Previously, we have shown that providing arabinose-transport-deficient cells with a plasmid-borne araE gene under control of an IPTG-inducible promoter resulted in a homogeneous population of cells expressing the P_BAD promoter at all arabinose concentrations (Khlebnikov et al., 2000 ). As there are many applications for which one may want more than one inducible promoter to control expression of multiple genes, using P_tac to control expression of araE prevented its use to control expression of another gene. The arabinose-inducible P_BAD and the IPTG-inducible P_lac (or P_tac or P_trc) promoters are convenient because they are readily controllable and well characterized. The expression vectors and hosts described here eliminate the all-or-none induction behaviour of P_BAD while freeing the lac promoter for use with another gene of interest.

Expression of the gene encoding the low-affinity, high-capacity arabinose permease from constitutive promoters eliminated all-or-none induction of P_BAD. In general, the level of induction from the P_BAD promoter varied most with the concentration of inducer in the medium and slightly with the constitutive promoter strength controlling the arabinose transport gene, whether expressed from the medium-copy plasmids or from the single-copy chromosome. A relatively linear response in P_BAD induction was observed over a 1000-fold range of inducer concentration.

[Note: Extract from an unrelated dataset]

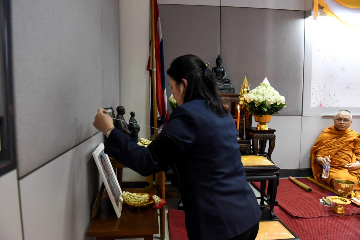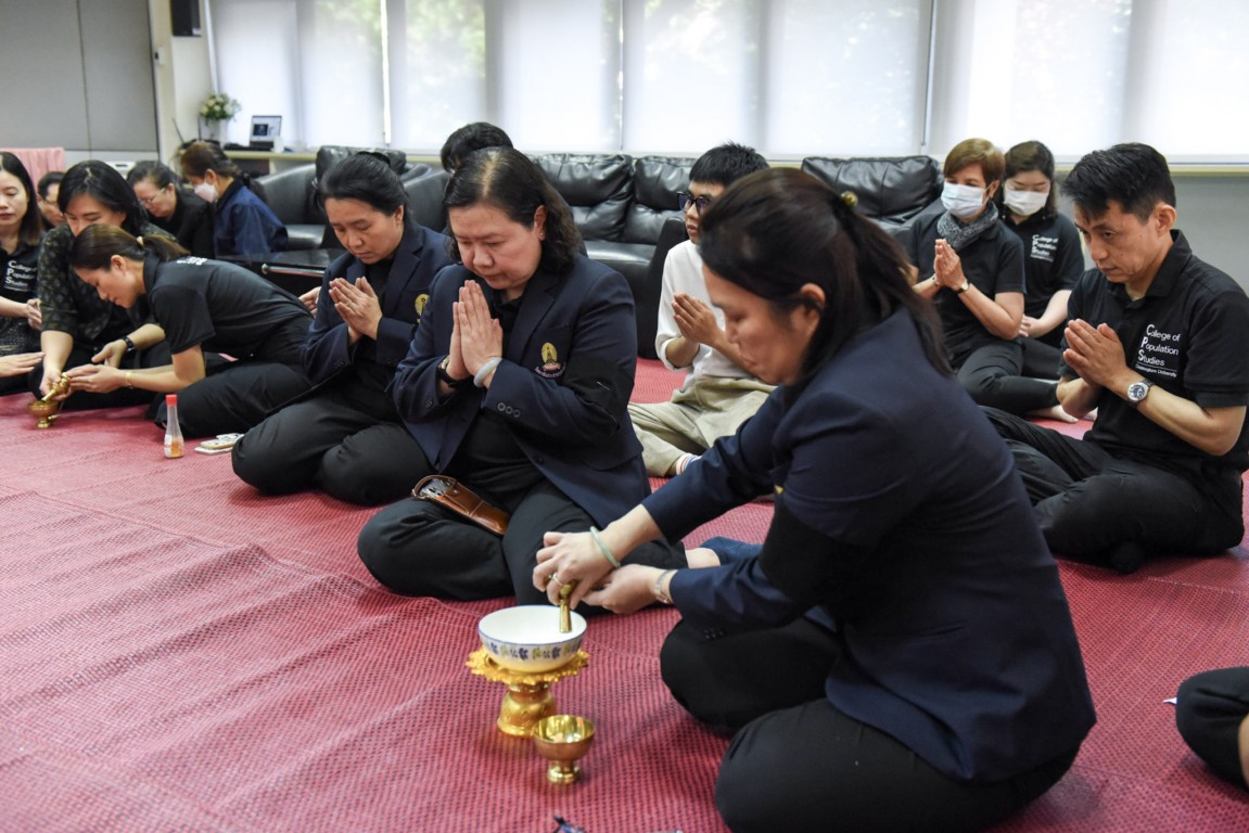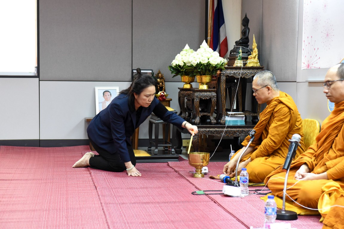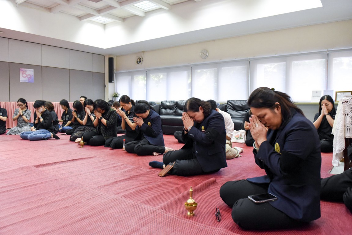 The ceremony featured alms-giving to Buddhist monks from Hua Lamphong Temple, with participation from faculty members, staff, students, retired personnel, and alumni. Attendees also listened to a dharma sermon, bringing blessings and prosperity to the College and all participants.

These constructs and strains should prove useful for controlled production of regulatory proteins, where a consistent and regulatable response from all cells in a culture is desired, or for expression of genes involved in the synthesis of a secondary metabolite, where under- or overexpression of a given pathway could lead to inefficient production of the desired metabolite.

This research was supported by the ERC Program of the National Science Foundation under award number EEC-9731725 and by Award GM63525 from the National Institutes of Health to J.D.K. and by Award MCB-9730034 from the National Science Foundation to B.L.W.